# Plant Suggestions?



## cichlidChad (Dec 6, 2007)

Hi all,

I am new to planted aquariums, but am thinking about trying things out. I am looking for plants that would do well in pool filter sand with standard lighting. Also, what would I have the easiest time finding? I am not sure is this is even possible, but any suggestions would be appreciated. Thanks!

-Chad


----------



## naegling23 (Jan 4, 2008)

standard lighting means??

at 1.5 watts per gallon, you can grow anubias, java fern, java moss

at 2 watts per gallon, you can add the above plus, swords, val, bacopa, hygro plus a few more.

at above....that gets tricky with co2 and ferts like crazy.

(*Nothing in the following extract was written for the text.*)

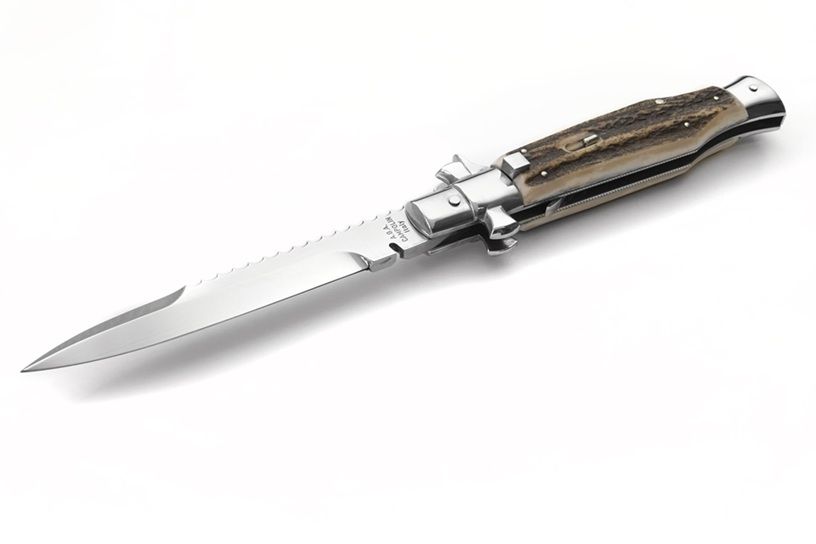 A.G.A. Campolin Black Widow Stag Horn File Work Bolster Italian Stiletto Automatic Knife. This is the fantastic " Black Widow " from the great knifemakers A.G.A Campolin in Maniago, Italy. This handmade automatic stiletto with a maltese crossguard has a square button/safety and comes with lever release mechanism. All components are made from nickel silver and the blade, spring and liners are filed work as used in the old tradition of switchblade production. The round bayonet blade is made of 440C stainless steel and has a mirror polish finish. The handle on this switchblade is a wasp body of stag horn. The quality and craftsmenship is excellent on this knife. It comes with a A.G.A Campolin certificate. Note: as it is a natural material, color, texture and pattern will vary from knife to knife. Overall Length: 28cm - 11" Blade Length: 12.5cm - 5" Blade thickness: 5mm - 0.2" Weight: 280gr - 9.9oz Blade Material: 440C Stainless Steel Handle Material: Stag Horn Made in: Italy

Most plants dont really like sand, but anubias, java fern, and moss dont root into the substrate, so they would be fine...stem plants like bacopa and hygro might also work since they can just sort of hang out.


----------



## macclellan (Nov 30, 2006)

Standard lighting surely isn't more than 2WPG, and is likely much less than 1WPG. You'll have the easiest time finding...what you have the easiest time finding, i.e. what is locally available. You'll probably be able to find hornwort. I'd suggest starting with that. If you really like plants, you'll need a better light.


----------



## macclellan (Nov 30, 2006)

macclellan said:


> Standard lighting surely isn't more than 2WPG, and is likely much less than 1WPG. You'll have the easiest time finding...what you have the easiest time finding, i.e. what is locally available. You'll probably be able to find hornwort. I'd suggest starting with that. If you really like plants, you'll need a better light.





naegling23 said:


> Most plants dont really like sand, but anubias, java fern, and moss dont root into the substrate, so they would be fine...stem plants like bacopa and hygro might also work since they can just sort of hang out.


Sorry, but that's just false. Plants don't like not having nutrients, which can happen if sand is your substrate. But if you use fertilizers or have enough fish to create the nutrients, then sand is just fine. I've got 3 nice planted tanks with nothing but sand...(I use fertilizers).


----------



## Fogelhund (Dec 3, 2002)

Depending on the stocking levels you may not need to add in fertilizers to the mix. I certainly have found that it isn't necessary in my case. In addition to the plants listed above, I've found that most Cryptocorne's, some Aponogeton's, Brazilian Swords, and dwarf chain swords do well in Sand.

These are all sand bottom, non-fertilized, non-CO2 tanks.


----------



## Dewdrop (Nov 20, 2007)

Fogelhund, your planted tanks amaze me...especially with mbuna in the tanks. I know one of your secrets is to plant heavily, but what lighting do you use? Maybe I'll give it another try with the new 75g.. Also, how do you stir the sand if it's planted? Or is stirring really necessary? I've never had sand but considering it this time.


----------